M-estimators of scatter with eigenvalue shrinkage
This work provides an incremental improvement in robust statistics for researchers dealing with non-Gaussian data.
The paper tackled the problem of robust covariance estimation by proposing shrinkage M-estimators with an automatic tuning method, showing that they perform comparably to standard shrinkage estimators for Gaussian data and significantly better for heavy-tailed distributions.

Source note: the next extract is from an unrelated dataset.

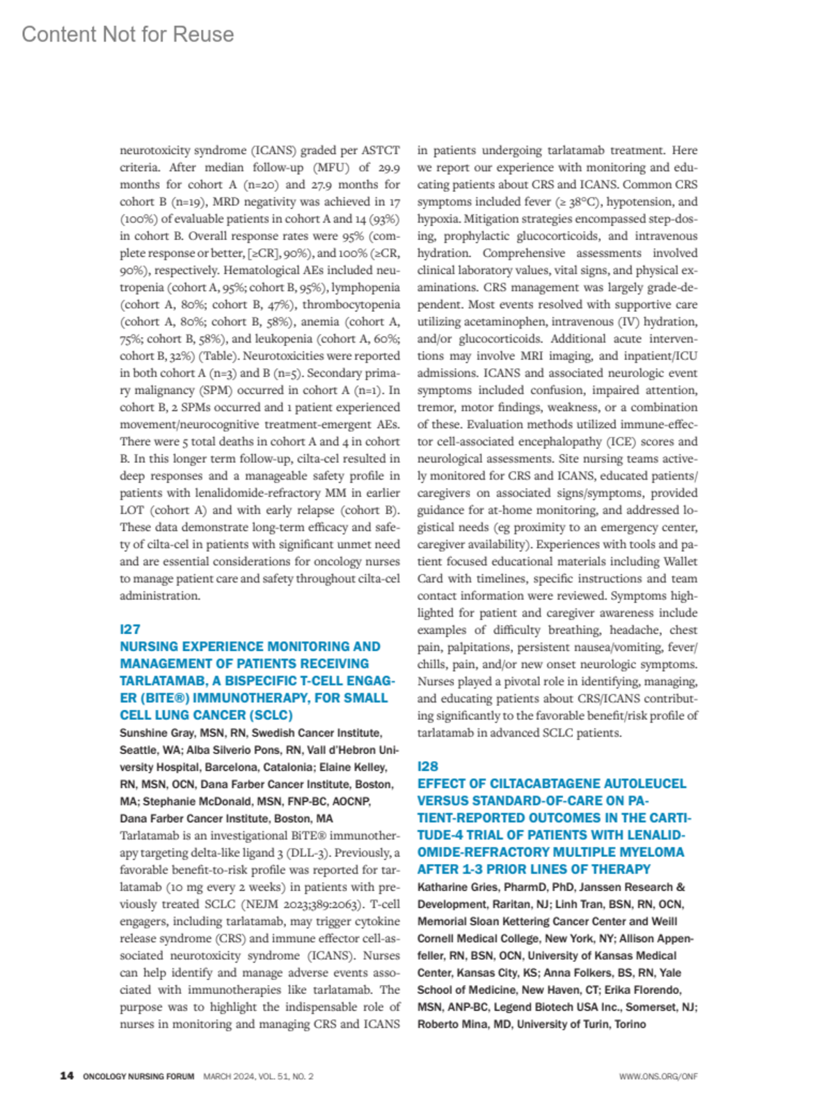 NURSING EXPERIENCE MONITORING AND MANAGEMENT OF PATIENTS RECEIVING TARLATAMAB, A BISPECIFIC T-CELL ENGAGER (BITE®) IMMUNOTHERAPY, FOR SMALL CELL LUNG CANCER (SCLC)

A popular regularized (shrinkage) covariance estimator is the shrinkage sample covariance matrix (SCM) which shares the same set of eigenvectors as the SCM but shrinks its eigenvalues toward its grand mean. In this paper, a more general approach is considered in which the SCM is replaced by an M-estimator of scatter matrix and a fully automatic data adaptive method to compute the optimal shrinkage parameter with minimum mean squared error is proposed. Our approach permits the use of any weight function such as Gaussian, Huber's, or $t$ weight functions, all of which are commonly used in M-estimation framework. Our simulation examples illustrate that shrinkage M-estimators based on the proposed optimal tuning combined with robust weight function do not loose in performance to shrinkage SCM estimator when the data is Gaussian, but provide significantly improved performance when the data is sampled from a heavy-tailed distribution.